The Sun: Why 2018 will be good for go-it-alone UK as we edge closer to Brexit Britain

THIS year I spent my family Christmas in London — and as I walked through the streets, I gazed upon a skyline filled with cranes and new towers rising to the heavens.Everywhere I saw investment, streets full of visitors from all over the world spending money in the hotels and shops.

So much for the doom-mongers among the banks and multinationals. The financial centre is booming and Britain is in rude economic health. In the past few days, the Confederation of British Industry reported manu-facturing orders at a 30-year high and export demand at its busiest in 20 years.

This is a great boost to the regions and entirely down to our competitive currency created by the referendum vote. As a consequence, the current account deficit — how much more the UK spends than it earns — has improved for the first time in years.

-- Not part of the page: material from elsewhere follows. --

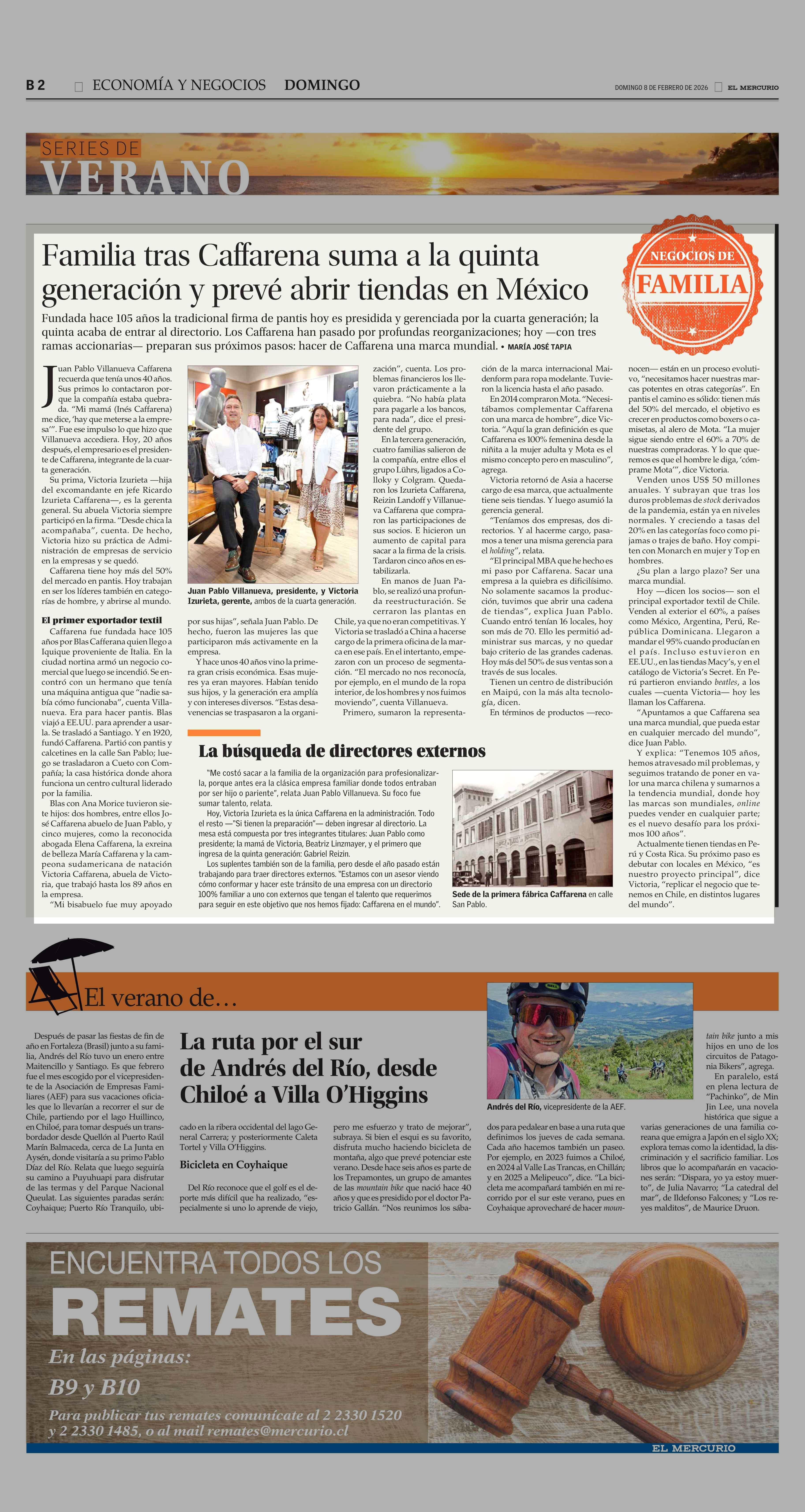Familia tras Caffarena suma a la quinta generación y prevé abrir tiendas en México 08-02-2026 El Mercurio |

To top this, the CBI has been forced to eat its words from earlier this year, now admitting that growth in 2017 will almost match last year, at 1.8 per cent.

The UK is now the best place in the world to do business, according to Forbes magazine, a leading source of business news.

The Bank of England has dubbed the City of London “Europe’s Banker” and will continue to welcome financiers from all over the world. And the knock-on effect for millions who voted for Brexit is clear to see.

Unemployment is at an all-time low and employment at an all-time high. This is a stark contrast to much of continental Europe where, in the “wonderful” EU, unem-ployment is in some countries above 25 per cent.Young people in the EU are hardest hit by the jobs shortage. Why do they put up with it? We now have the opportunity to be better off, with or without a free trade deal with the EU.

Provided the Government retains our newly won freedoms to set taxes, decide on regulations, make trade deals and remove tariffs, the UK economy will boom for years to come. Crucially, the removal of tariffs on food, clothing and footwear will reduce the cost of living — especially for the poorest in Britain, who spend more of their income on these things.